Exercise requirements | In your copy of the data below, reproduce every entry exactly and omit the pictures.

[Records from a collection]
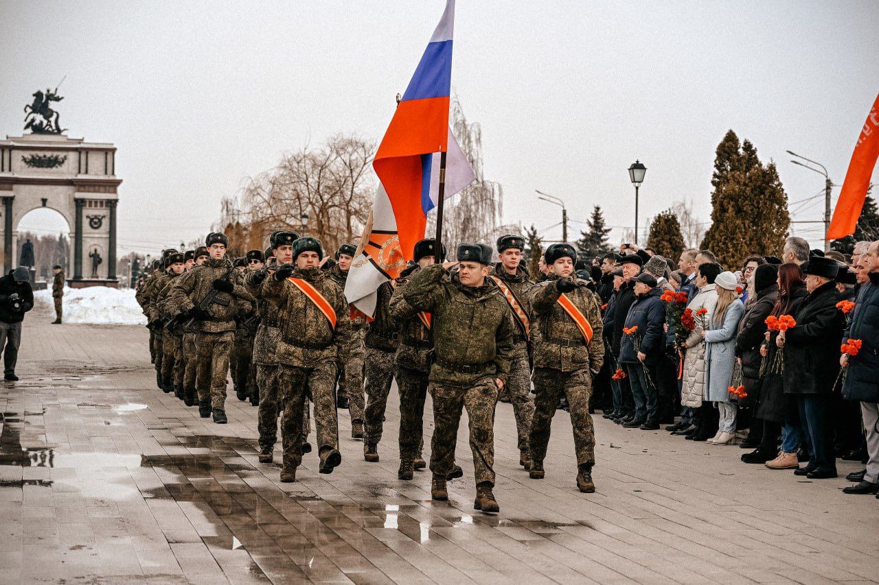 В областном центре торжественная церемония в честь Дня защитника Отечества прошла на мемориале "Курская дуга".
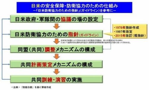 日米の安全保障・防衛協力のための仕組みは、下記の図の通り、日米政府・軍隊間で協議の場が設けられ、そこで「日米防衛協力のための指針」、いわゆる「ガイドライン」が作成される。
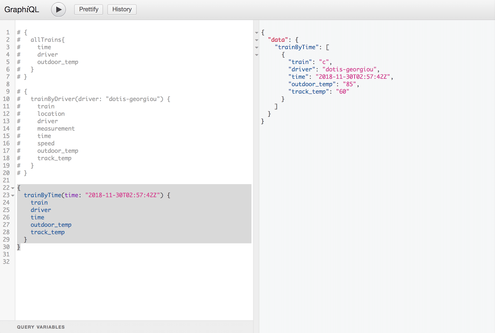 Since this is time series data we’re working with, it makes sense to allow our client to search by a single timestamp using the trainByTime query. As you can see in the Flux query generator code we discussed earlier, we again push the work of transforming the data into a Flux query to retrieve the data associated with that timestamp, and then have GraphQL return only the fields requested by the client.
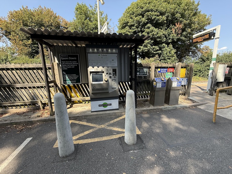 There’s quite a contrast between Epsom’s centrally located four platform station (above) which sees both terminating and through trains operated by two train companies (Southern and South Western Railway) and the one platform unstaffed terminus at the end of a single track branch line over at Epsom Downs.
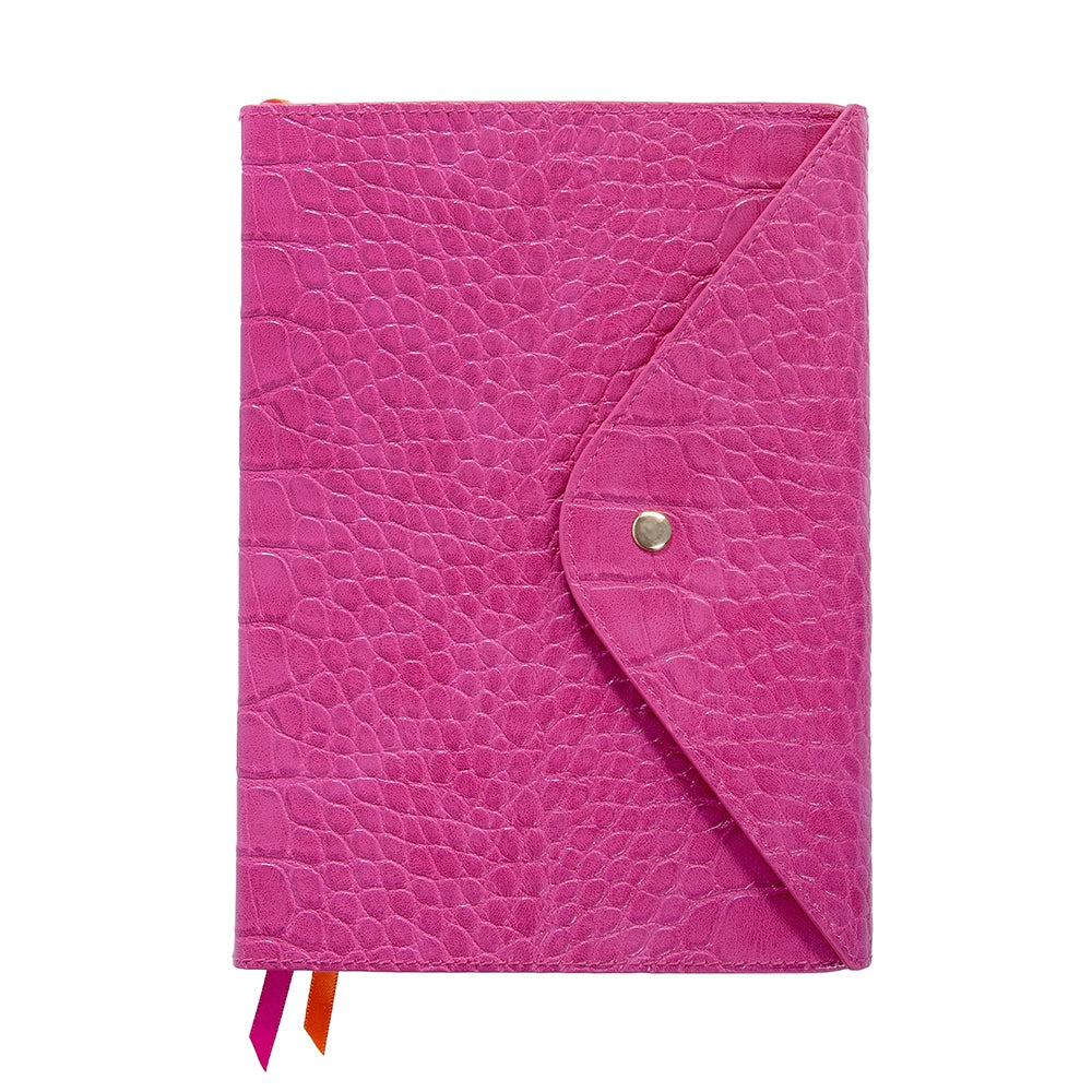 This stylish notebook in bold pink with an embossed croc texture and practical envelope closure is the perfect companion for your notes.
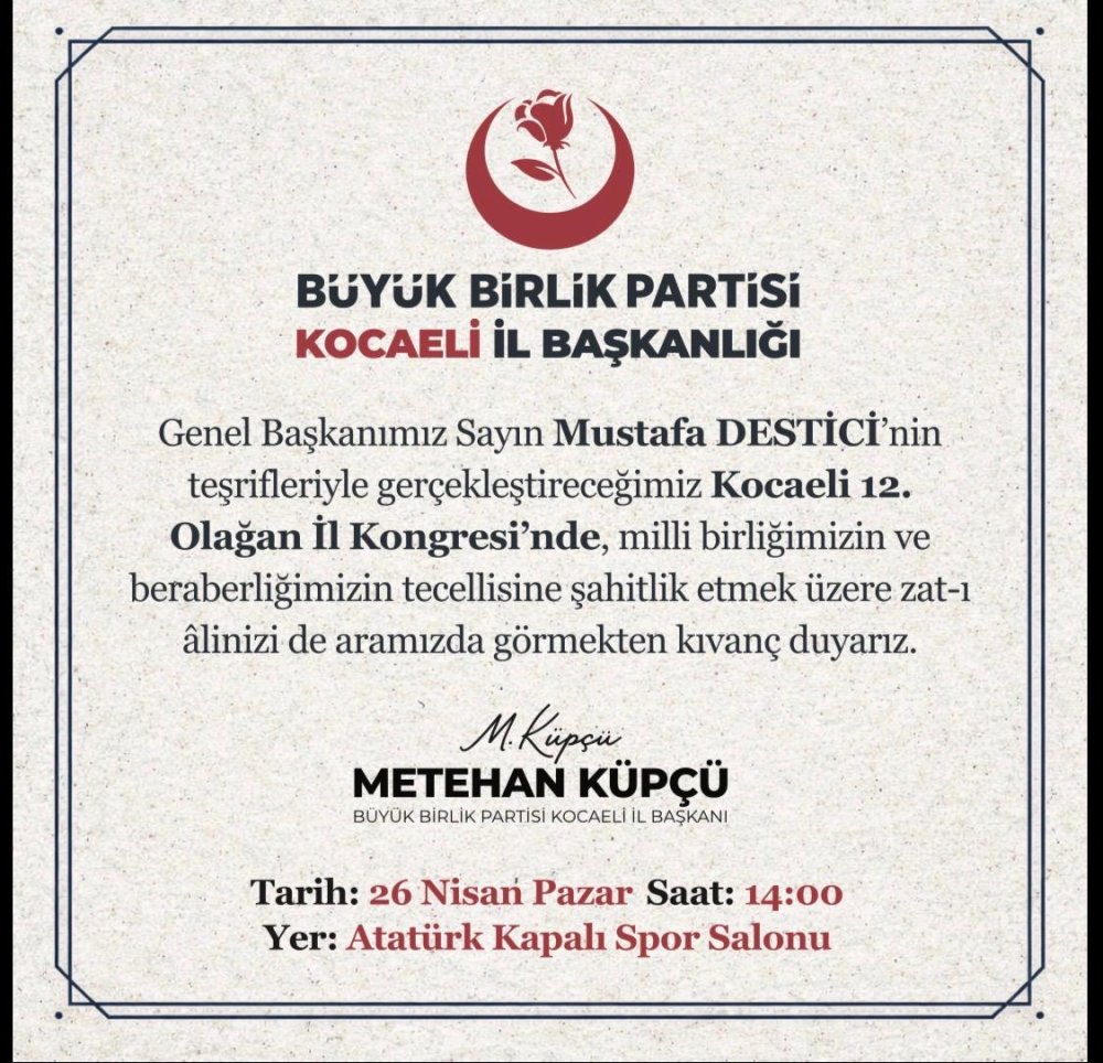 Büyük Birlik Partisi Kocaeli İl Başkanı Metehan Küpçü, 26 Nisan’da gerçekleştirilecek il kongresi öncesinde hazırlanan davet filmini kamuoyuyla paylaştı.
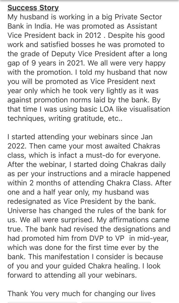 Priyanka’s journey didn’t stop there. Around the same time, she had been practicing visualisation for her husband’s professional growth. He had recently been promoted from Assistant Vice President to Deputy Vice President—after nine long years of waiting.
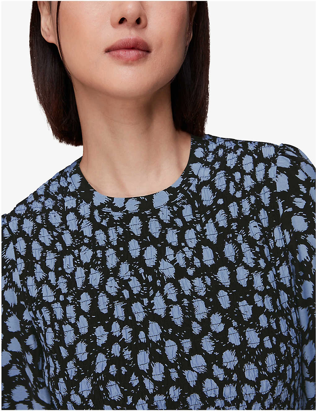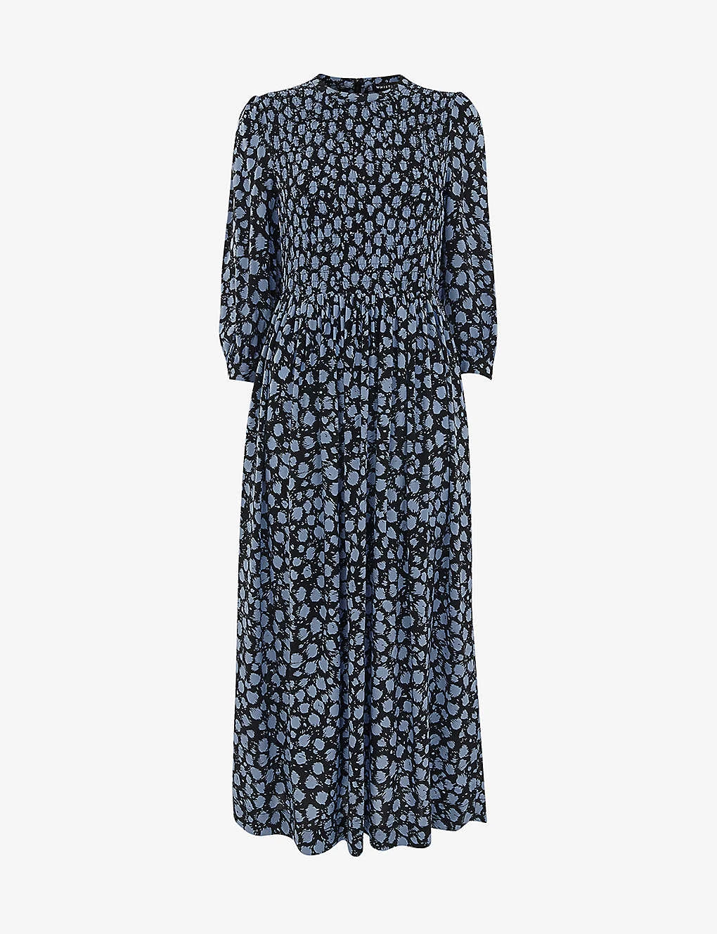 Whistles Dalmatian-print Shirred-bodice Woven Midi Dress
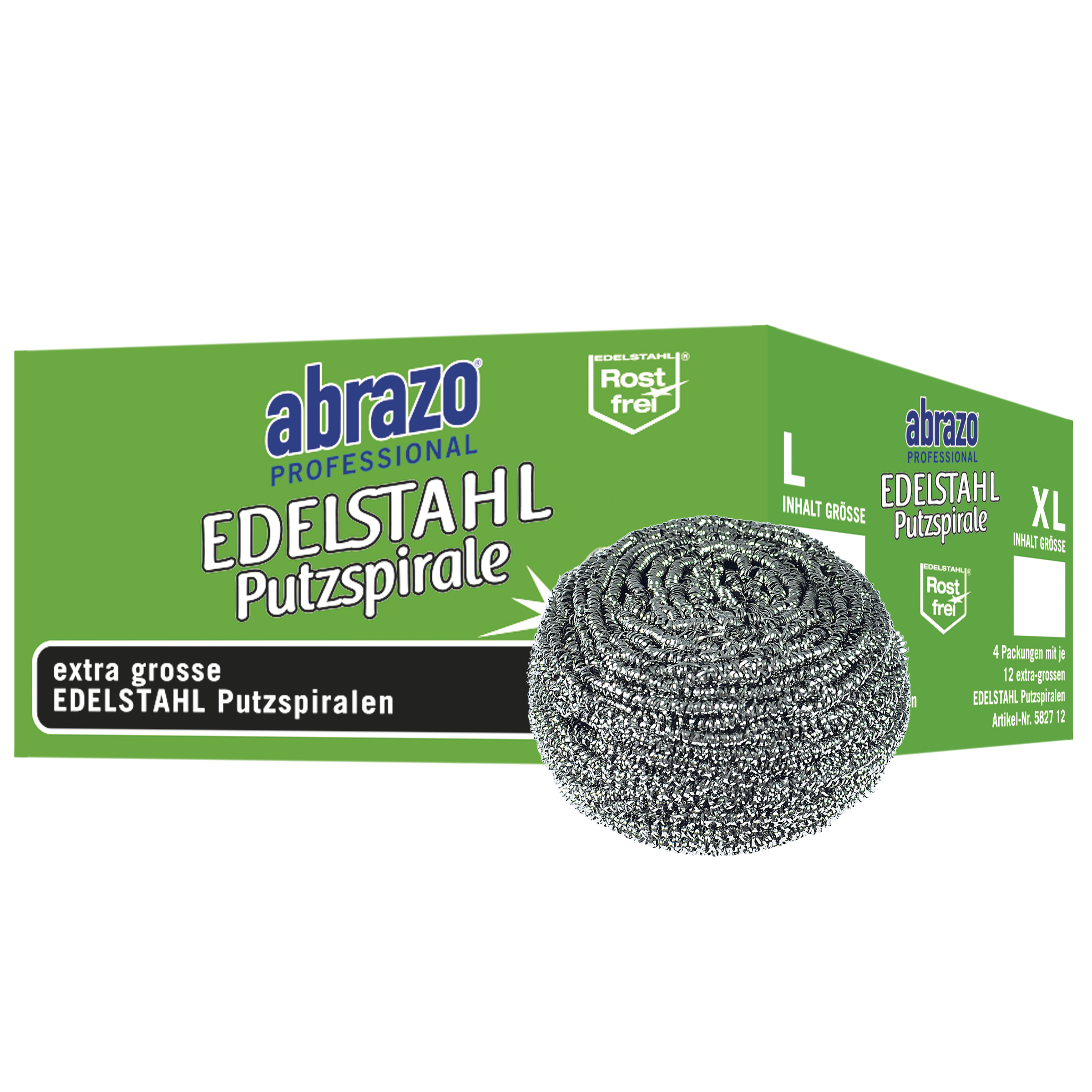 abrazo PROFESSIONAL EDELSTAHL-Putzspiralen repräsentieren einen hohen Qualitätsanspruch. Gefertigt werden die rostfreien EDELSTAHL-Putzspiralen nach der Spitzennorm AISI 434A. abrazo EDELSTAHL-Putzspiralen werden in den Größen 40g, 60g und 80g angeboten

Solution below |
 В областном центре торжественная церемония в честь Дня защитника Отечества прошла на мемориале "Курская дуга".
 日米の安全保障・防衛協力のための仕組みは、下記の図の通り、日米政府・軍隊間で協議の場が設けられ、そこで「日米防衛協力のための指針」、いわゆる「ガイドライン」が作成される。
 Since this is time series data we’re working with, it makes sense to allow our client to search by a single timestamp using the trainByTime query. As you can see in the Flux query generator code we discussed earlier, we again push the work of transforming the data into a Flux query to retrieve the data associated with that timestamp, and then have GraphQL return only the fields requested by the client.
 There’s quite a contrast between Epsom’s centrally located four platform station (above) which sees both terminating and through trains operated by two train companies (Southern and South Western Railway) and the one platform unstaffed terminus at the end of a single track branch line over at Epsom Downs.
 This stylish notebook in bold pink with an embossed croc texture and practical envelope closure is the perfect companion for your notes.
 Büyük Birlik Partisi Kocaeli İl Başkanı Metehan Küpçü, 26 Nisan’da gerçekleştirilecek il kongresi öncesinde hazırlanan davet filmini kamuoyuyla paylaştı.
 Priyanka’s journey didn’t stop there. Around the same time, she had been practicing visualisation for her husband’s professional growth. He had recently been promoted from Assistant Vice President to Deputy Vice President—after nine long years of waiting.
 Whistles Dalmatian-print Shirred-bodice Woven Midi Dress
 abrazo PROFESSIONAL EDELSTAHL-Putzspiralen repräsentieren einen hohen Qualitätsanspruch. Gefertigt werden die rostfreien EDELSTAHL-Putzspiralen nach der Spitzennorm AISI 434A. abrazo EDELSTAHL-Putzspiralen werden in den Größen 40g, 60g und 80g angeboten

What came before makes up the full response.